Data to use: Begin
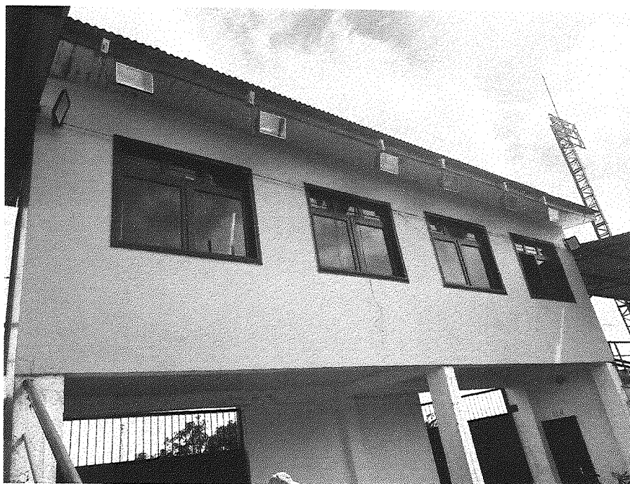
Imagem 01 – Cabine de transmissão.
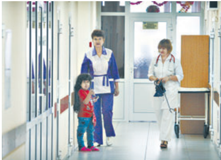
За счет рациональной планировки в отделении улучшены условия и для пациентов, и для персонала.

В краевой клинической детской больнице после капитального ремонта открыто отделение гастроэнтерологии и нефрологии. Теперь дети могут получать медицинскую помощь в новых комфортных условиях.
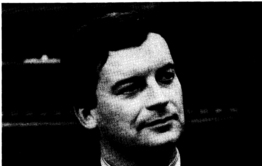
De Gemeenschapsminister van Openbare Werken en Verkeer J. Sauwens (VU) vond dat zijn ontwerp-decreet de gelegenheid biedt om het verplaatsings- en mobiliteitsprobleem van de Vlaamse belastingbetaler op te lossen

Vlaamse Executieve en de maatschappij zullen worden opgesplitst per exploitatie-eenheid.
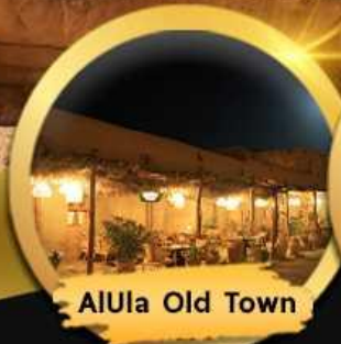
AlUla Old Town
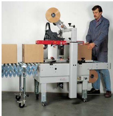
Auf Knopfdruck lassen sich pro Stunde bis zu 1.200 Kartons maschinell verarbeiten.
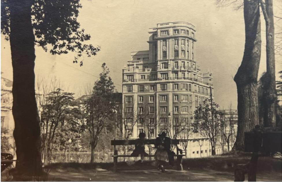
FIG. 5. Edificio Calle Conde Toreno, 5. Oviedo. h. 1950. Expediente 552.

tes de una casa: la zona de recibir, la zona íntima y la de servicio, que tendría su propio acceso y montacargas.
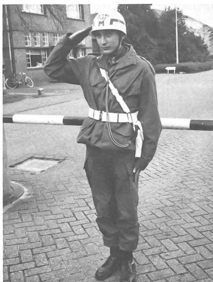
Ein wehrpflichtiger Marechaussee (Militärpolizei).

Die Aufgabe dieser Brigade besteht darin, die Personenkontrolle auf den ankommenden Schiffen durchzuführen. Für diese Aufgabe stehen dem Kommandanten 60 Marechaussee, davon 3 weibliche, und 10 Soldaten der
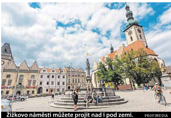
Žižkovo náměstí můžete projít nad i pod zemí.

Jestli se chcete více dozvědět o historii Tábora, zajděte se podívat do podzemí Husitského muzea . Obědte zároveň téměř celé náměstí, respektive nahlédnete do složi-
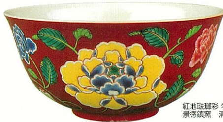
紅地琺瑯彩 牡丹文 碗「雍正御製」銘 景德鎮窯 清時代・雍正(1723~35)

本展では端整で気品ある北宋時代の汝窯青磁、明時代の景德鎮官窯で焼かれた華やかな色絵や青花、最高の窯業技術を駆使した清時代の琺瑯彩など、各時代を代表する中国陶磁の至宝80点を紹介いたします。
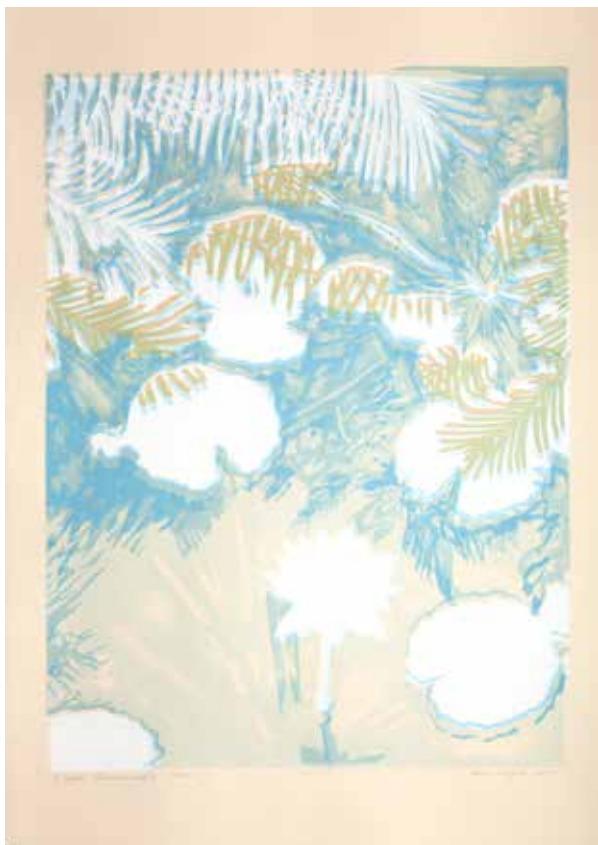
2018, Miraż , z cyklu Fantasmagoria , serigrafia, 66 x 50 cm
Data to use: End
Assignment ->
Above are some records; quote exactly and only the lines that begin at the line containing "FIG. 5. Edificio" and stop after the line containing "紅地琺瑯彩 牡丹文 碗「雍正御製」銘 景德鎮窯 清時代・雍正(1723~35)", leaving out the pictures.

Problem solution ->
FIG. 5. Edificio Calle Conde Toreno, 5. Oviedo. h. 1950. Expediente 552.

tes de una casa: la zona de recibir, la zona íntima y la de servicio, que tendría su propio acceso y montacargas.
Ein wehrpflichtiger Marechaussee (Militärpolizei).

Die Aufgabe dieser Brigade besteht darin, die Personenkontrolle auf den ankommenden Schiffen durchzuführen. Für diese Aufgabe stehen dem Kommandanten 60 Marechaussee, davon 3 weibliche, und 10 Soldaten der
Žižkovo náměstí můžete projít nad i pod zemí.

Jestli se chcete více dozvědět o historii Tábora, zajděte se podívat do podzemí Husitského muzea . Obědte zároveň téměř celé náměstí, respektive nahlédnete do složi-
紅地琺瑯彩 牡丹文 碗「雍正御製」銘 景德鎮窯 清時代・雍正(1723~35)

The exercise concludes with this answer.